There are two issues that raises suspicion of an ulterior motive. Firstly, the absence of a Cadastralor as a minimum, well defined boundaries with land survey maps for State land, which results in encroachment into forests and wild life protection lands and increasing the “residual land” extent which the can then be disposed of in the guise of cultivation, and sold to locals and foreigners.
Secondly, the purpose of issuing titles for State. Why are titled required for State land unless it is to privatise and sell them to locals and foreigners in the guise of “development”? If increasing productivity of some State land is the motive, no doubt this can be done collectively by the inhabitants around such land, and also where feasible, by entering into joint ventures with the private sector in Sri Lanka with the government retaining full ownership of the land.
What is needed for State land are proper surveys and identification of boundaries in order to make sure forests, wild life parks, nature reserves etc. are safe from encroachers.

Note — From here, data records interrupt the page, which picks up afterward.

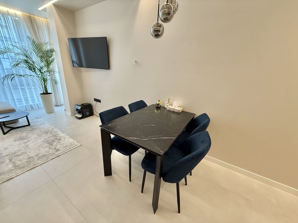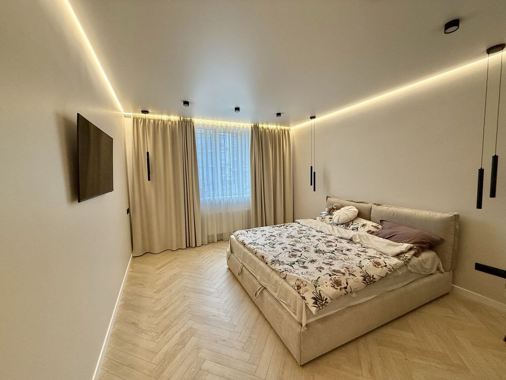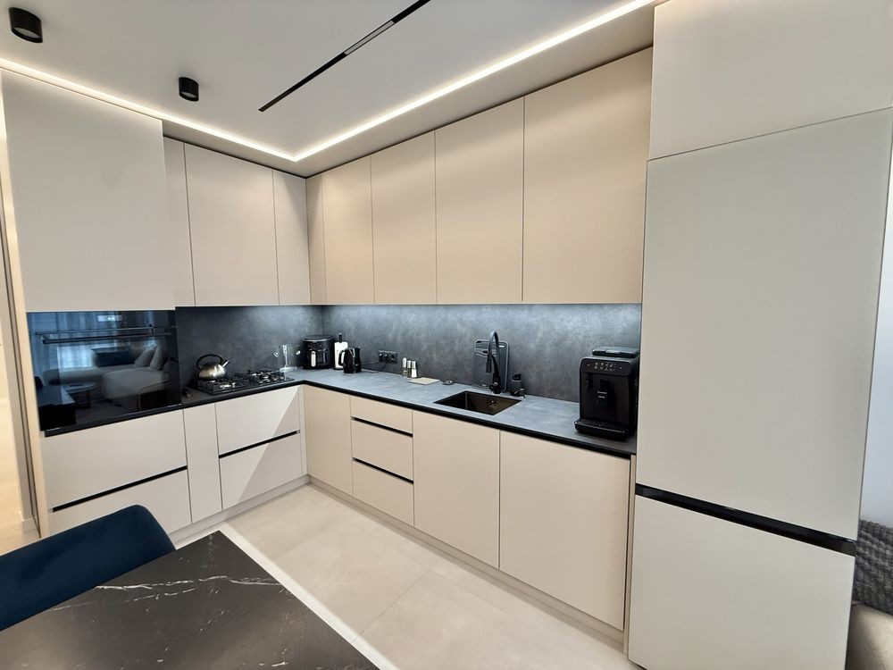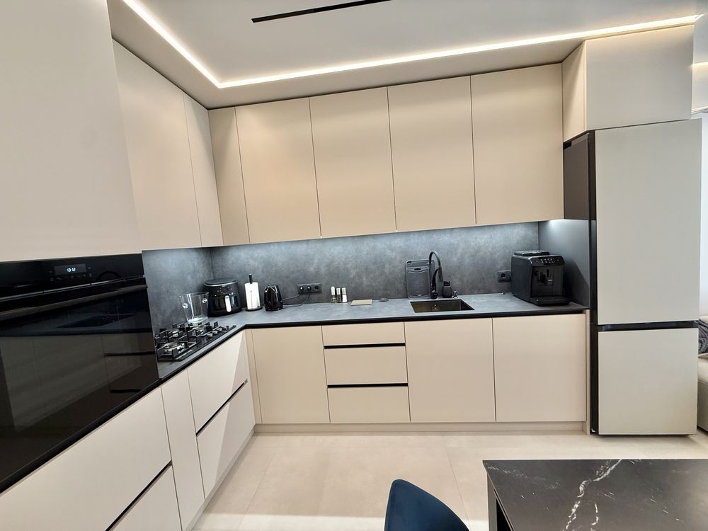 •В квартирі залишаються всі меблі: 2спальне ліжко, великий кутовий диван, кухонні меблі та побутова техніка(газова варильна поверхня, духовка, посудомийна машина, холодильник, витяжка, пральна машина, сушильна машина, телевізор)
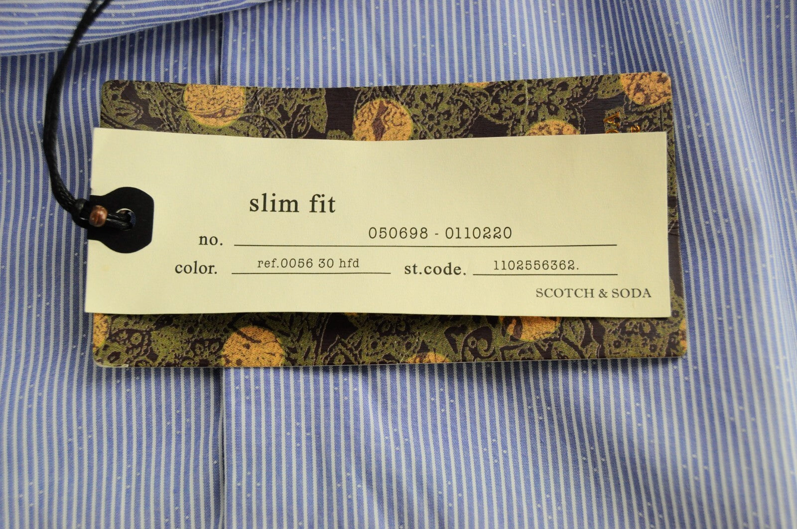SCOTCH & SODA Men Shirt S Slim Fit Blue Striped Cotton Long Sleeve
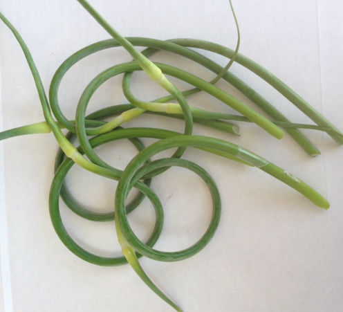 Garlic ScapesThe long, curvy stem and flower bud which the garlic plant shoots up in its second year of growth. Harvested before it goes into bloom.
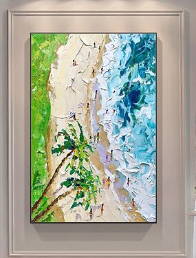 mintura handgjorda strandlandskap oljemålningar på duk väggkonstdekoration modern abstrakt tjock texturbild för heminredning rullad ramlös osträckt målning
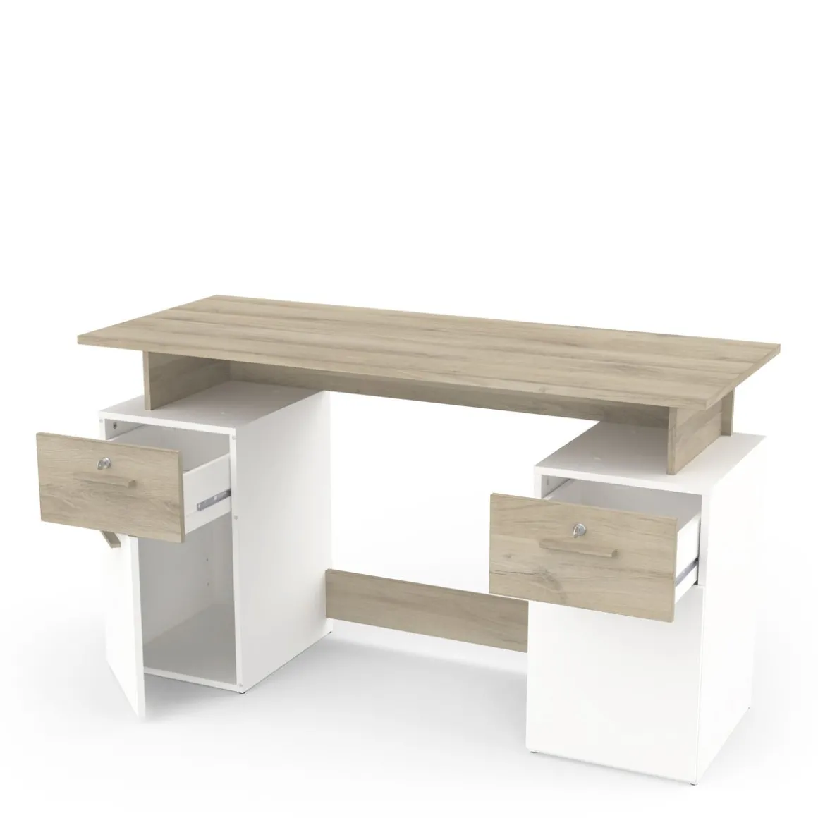 Panneaux de particules, épaisseur 15mm. Décor papier chêne kronberg sur les tiroirs et sur-meuble, décor papier blanc mat pour les 2 portes. Plateau du dessus, épaisseur 18mm, charge max. 30kg. 2 niches fermées : dim. utiles 31,3 x 38,9 x 41,3cm. 2 tiroirs sur coulisses à billes : dim. utiles 28 x 38,7 x 10,6cm, charge max. 2kg. 2 serrures avec 1 jeu de 2 clés pour chacune. Poignée barrette laquée chêne kronberg. »
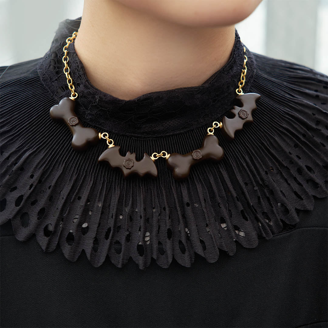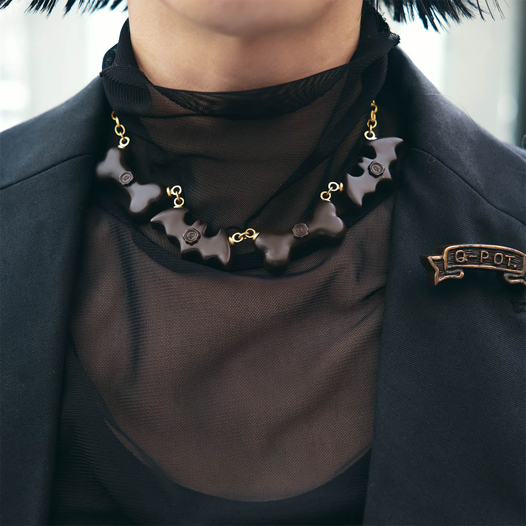 This choker designed with bat chocolates and bone chocolates is crafted with exquisite realism—just like a true artisan confection. Made in Japan and carefully finished by craftsmen.

Titles for such land is secondary and in fact not needed as this land has and should remain in State ownership for perpetuity.Knowing the dangers of not having such a policy, Sri Lankans should not give countenance to another Hambantota fiasco where a Port and Land has been given to a foreign country on a 99-year lease.
In the context of land management policy reform, the Ministers attention was drawn to the fact that land titling and eRegistration issues had not been included in the Cabinet paper referred to and the announcement of the 5 sub committees.
The Minister was urged, even at this late stage, to nominate a sixth sub-committee comprising of retired Supreme Court of High Court judges and eminent lawyers drawn from the Academia and others with expertise in land titling and registration to examine
a) The Bim Saviya and its relevance and suitability for Sri Lanka
b) Changes needed to laws that existed prior to the introduction of Bim Saviya in 1997
c) The need for land laws to regard and respect the traditional customs and practices
d) Management of the eRegister and reasons as to why it cannot be done by an institution like the Moratuwa University
e) The classification of State land a “residual land, and until the proposed sub-committee has submitted their report with recommendations and a decision is made on them, to withdraw the gazette notification recently issued
Finally, based on the findings of this sub-committee, the Minister, along with other relevant ministers and ministries, and considering the national interest of the country, the Opposition as well, develop a strategic, transparent and comprehensive State land management policy which could be presented to the Parliament, discussed, debated and passed as the law of the country in regard to Land Management in Sri Lanka. Such a law supported hopefully by all political parties would give the long term certainty that is needed for the country in land management and preclude the necessity for future governments to make changes to the essential elements contained in such a comprehensive law.
It is hoped that the Minister will consider this appeal and take appropriate action and earn a deserved reputation as a cabinet minister with guts and resolve who had the foresight to address a long felt need that could otherwise fracture and destroy the small parcel of land we call Sri Lanka.